FDA Approves Companion Diagnostic for Trastuzumab in HER2+ Breast Cancer

The FDA has approved the new VENTANA HER2 Dual ISH DNA Probe Cocktail test for use as a companion diagnostic for trastuzumab (Herceptin) and to detect HER2 mutations in patients with breast cancer, according to an announcement from Roche, the developer of the assay.¹

The novel assay was developed to produce results within the same day, which is faster than some of the other confirmatory testing methods for HER2 that are currently available, according to the pharmaceutical company. Moreover, assay results can be read using light microscopy, which is an approach that eliminates the need for a specialized fluorescence microscope.

“With this new VENTANA HER2 Dual ISH assay, Roche continues to deliver on its commitment to advance personalized healthcare,” Thomas Schinecker, CEO of Roche Diagnostics, stated in a press release. “Quick test results are crucial in the fight against cancer and by delivering crucial information on treatment options for [patients with] breast cancer faster, this assay will aid clinicians in their therapeutic decisions.”

The fully automated, ready-to-use assay is optimized with new oligo probes that allows for the delivery of “clear, confident reads” with regard to identifying HER2 mutational status.² Moreover, the test allows for elucidation within the context of tissue morphology, it detects tumor heterogeneity, and it yields an archivable result, according to Roche. The assay has been shown to assist in the identification of patients with either breast or gastric cancer who are eligible to receive HER2-targeted therapies.

Several guidelines, including those issued by the National Comprehensive Cancer Network, the College of American Pathologists, and ASCO, advise for the examination of HER2 protein expression via an immunohistochemistry test for breast cancer specimens.^3,4 A reflex test using in situ hybridization should then be done, depending on the IHC results.

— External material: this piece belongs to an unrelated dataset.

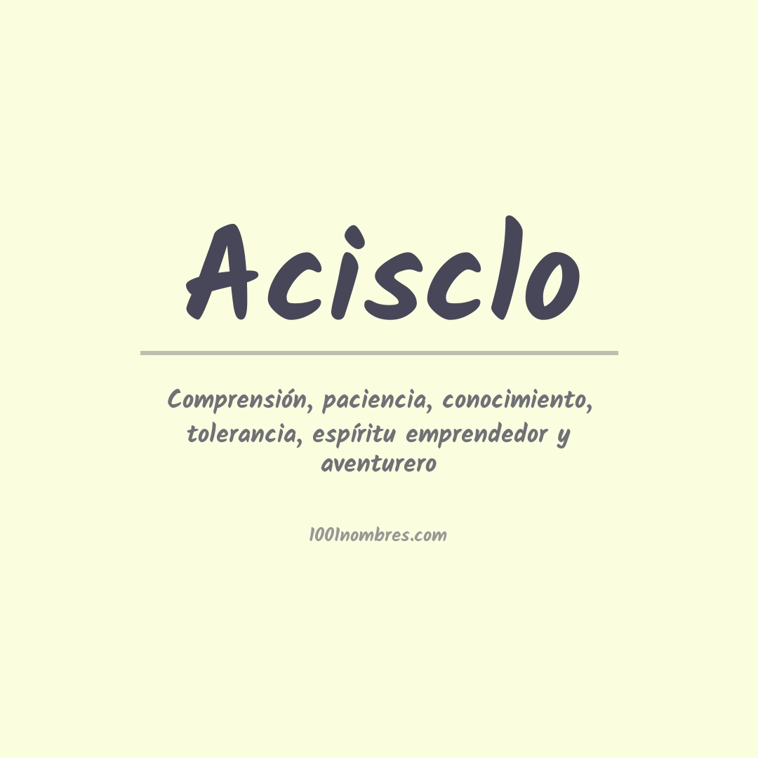 Acisclo acisclo es un nombre de origen griego que significa "el valiente". Se deriva de la palabra 'akis', que significa "valiente" o "fuerte". Es un nombre masculino usado principalmente en España.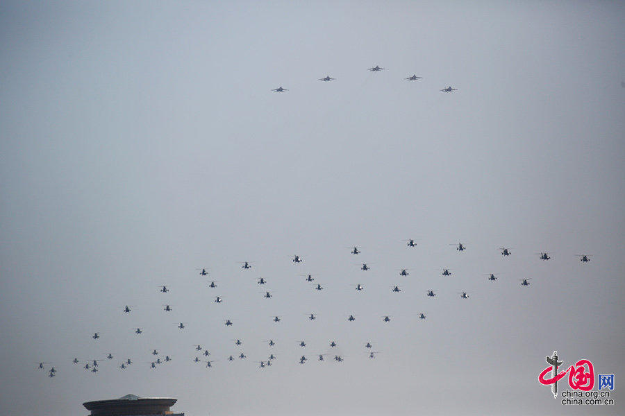 9月3日,中國人民抗日戰爭暨世界反法西斯戰爭勝利70周年紀念大會在北京隆重舉行。圖為艦載機梯隊接受檢閱。中國網記者 楊佳 攝

“The VENTANA HER2 Dual ISH DNA Probe Cocktail is intended to determine HER2 gene status by enumeration of the ratio of the HER2 gene to Chromosome 17 by light microscopy,” according to Roche. The assay was developed for utilization on formalin-fixed, paraffin-embedded human tissue specimens from patients with breast or gastric cancer with the VENTANA Silver ISH DNP Detection Kit and the VENTANA Red ISH DIG Detection Kit, on the BenchMark IHC/ISH instruments.

With the brightfield microscopy technology, a fluorescent microscope/oil and a darkroom are no longer needed. Additionally, results from the test can be assessed at the same time as H&E and other breast panel markers on the same case, allowing for easier comparison.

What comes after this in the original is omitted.